It is estimated that there are currently more than 17,000 medical applications available for a Smart-phone, tablet computer or personal digital assistant. These apps can range from calorie counters to programs that let doctors view medical scans on their phones.
The FDA is proposing to regulate some of those applications, specifically any app that helps to diagnose, treat or prevent a disease or medical condition. Some examples, a medical app. that allows a Doctor to view medical images on their iPad and make a diagnosis, or an app that transforms their smart-phone into an electrocardiography, (ECG), machine that can detect abnormal heart rhythms to determine if a patient is experiencing a heart attack.
“The use of mobile medical applications by health care professionals is revolutionizing health care,” said Dr. Bakul Patel, an FDA policy advisor in the Center for Devices and Radiological Health. “But inaccurate information can present a significant health risk to patients.”

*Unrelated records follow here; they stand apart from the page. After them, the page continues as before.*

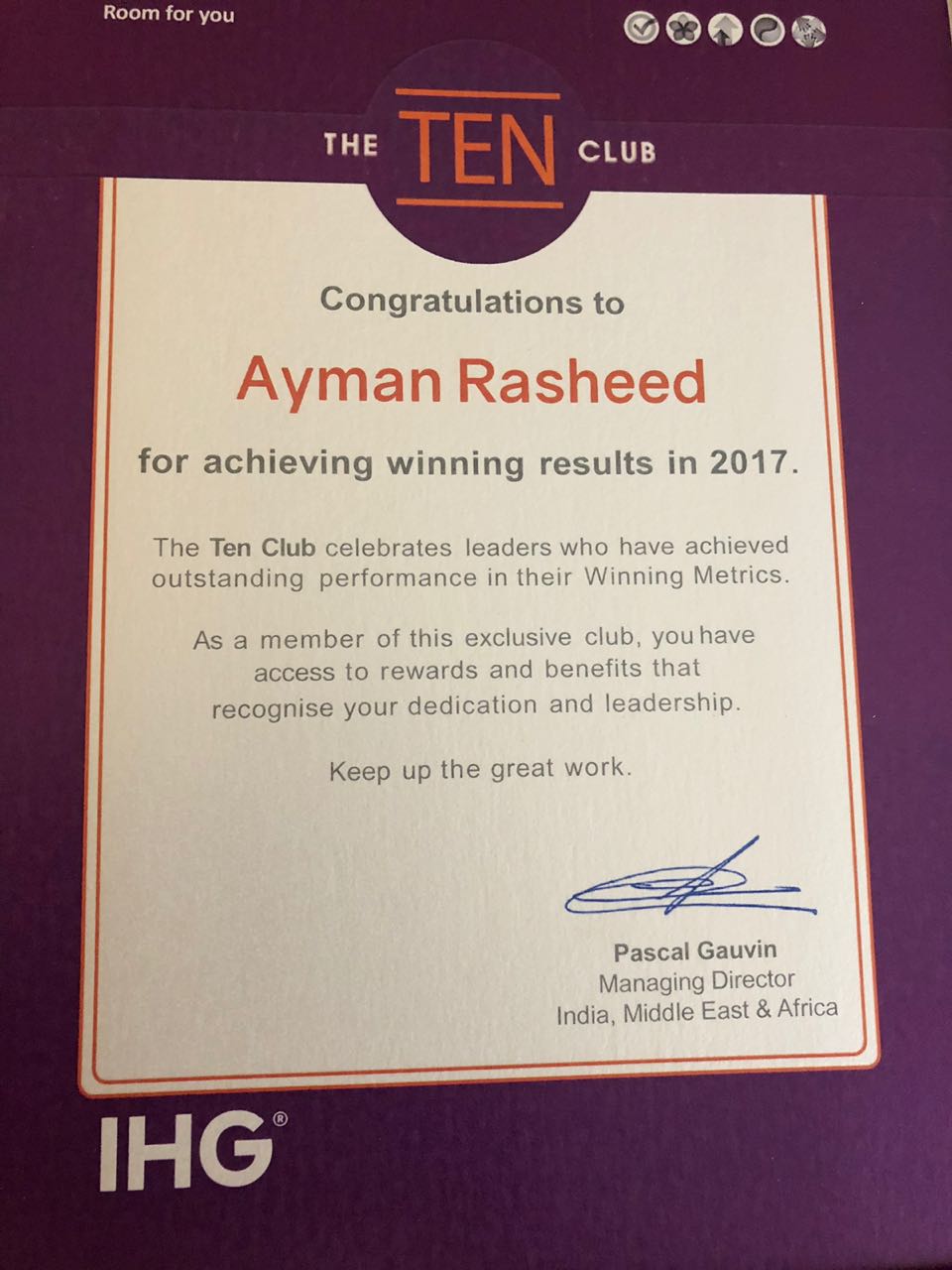 وقد قام السيد كينيث مکفیرسون الرئيس التنفيذي لأوروبا والشرق الأوسط وآسيا وافريقيا والسيد باسكال جوفان مسؤول التشغيل الرئيسي في الهند والشرق الأوسط وأفريقيا، بتسليم مدير عام فندق "هوليداي إن عمان" السيد أيمن رشید، جائزة " تين كلوب" لأداء الفندق المتميز تحت قيادته خلال العام الماضي.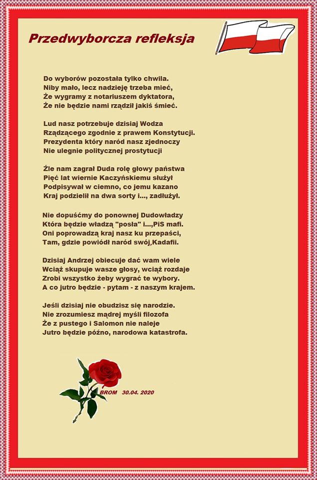 kiedy w latach osiemdziesiątych pisałem paszkwile przeciwko ówczesnej, komunistycznej władzy, kiedy udawało nam się (mi i moim przyjaciołom) mimo strachu rozwiesić na ścianach kopalń czy obiektów publicznych napawające otuchą nasz naród, patriotyczne (dla władz antypaństwowe) wiersze, byłem szczęśliwy. Wówczas wiedziałem, że to ma sens. Nawet wtedy, gdy musiałem w 1987 roku uciec przed organami SB z kraju, nie wątpiłem, że warto było walczyć słowem poezji, gdyż naród był jednością, był jedną wielką doświadczaną przez tragiczny los rodziną.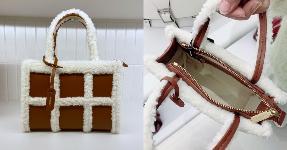 冬天最適合來一咖的毛毛小包PEDRO也有喔~焦糖色的皮革包身,從手把開始到包身輪廓都以白色羔羊毛造型裝飾,光看就覺得超暖和,而包身上也以羔羊毛打造出格紋造型的設計,提把處還有品牌Logo金色燙印的皮革標,質感非常好,冷氣團來期必備一咖。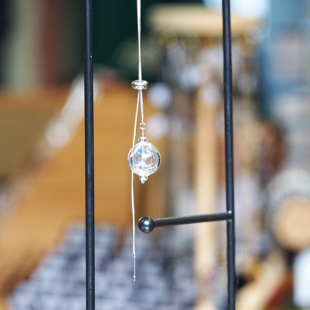 Skleněný korálek z ručně foukaného skla visí na jemném řetízku z nerezové oceli o délce 54 cm. Stříbrný kroužek ti umožní posunout korálek výš nebo níž – podle šatů, nálady nebo světla, které tě právě obklopuje.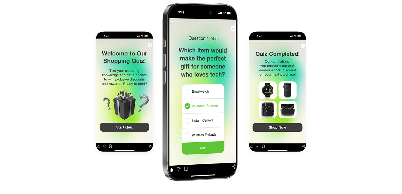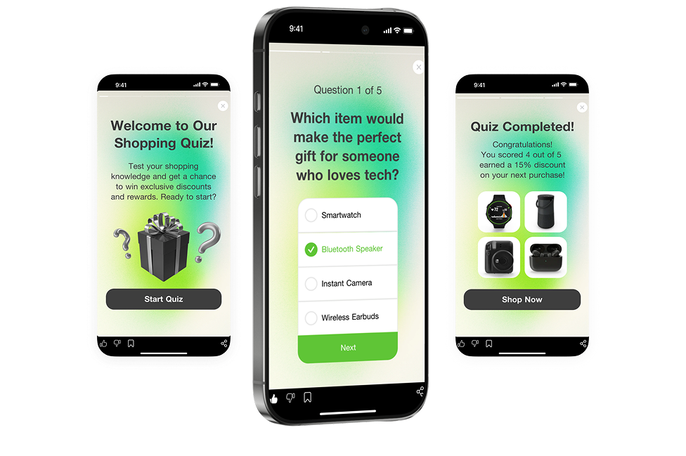 Квизы и квесты знакомят пользователей с вашим сервисом и ключевыми преимуществами бренда. А сценарии с мгновенными наградами и обратной связью повышают вовлеченность и удержание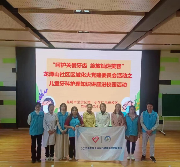 云中讯(通讯员 贾蕊 田桂兰)12月1日,护理学院组织全国大学生口腔健康宣讲团赴呈贡区第一小学广电苑校区开展“呵护关爱牙齿,绽放灿烂笑容”儿童牙科护理知识讲座。龙潭山社区党建工作者、呈贡一小广电苑校区二年级全体学生、老师及家长代表参加本次活动。
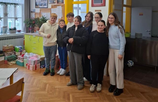 Odlučili su ove godine umjesto međusobnog darivanja, darivati štićenike i učenike Centra za pružanje usluga u zajednici Lipik. Poklone su, u pratnji ravnatelja škole Dominika Karajića i zapovjednika DVD-a Laz Damira Joća predstavnici sedmih razreda predali u utorak 16. prosinca.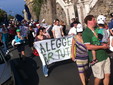 Molti dei manifestanti stanno sfilando con una maschera bianca sul volto ("Siamo cittadini senza volto, con le istituzioni che sono indifferenti" hanno detto) ed altri sventolando le bandiere dell'unione europea mentre alcuni di loro con in mano l'atto del Comune per la costruzione delle case.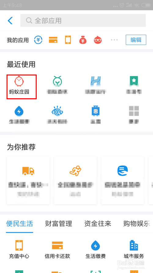 点击【更多】,从比来拜候那边找到【蚂蚁庄园】。

There are advantages to using medical apps, but consumers and health care professionals should have a balanced awareness of the benefits and risks,” Patel says. Apps can give consumers valuable health information in seconds and are opening innovative ways for technology to improve health care, Patel says. However, the small group of mobile medical apps FDA proposes to oversee present a potential risk—these apps may impact how a currently regulated medical device (such as an ultrasound) performs, he adds. “We want to hear from as many consumers, advocacy groups, health care professionals, and software creators and distributors as possible to help us finalize the proposed guidelines,” Patel says.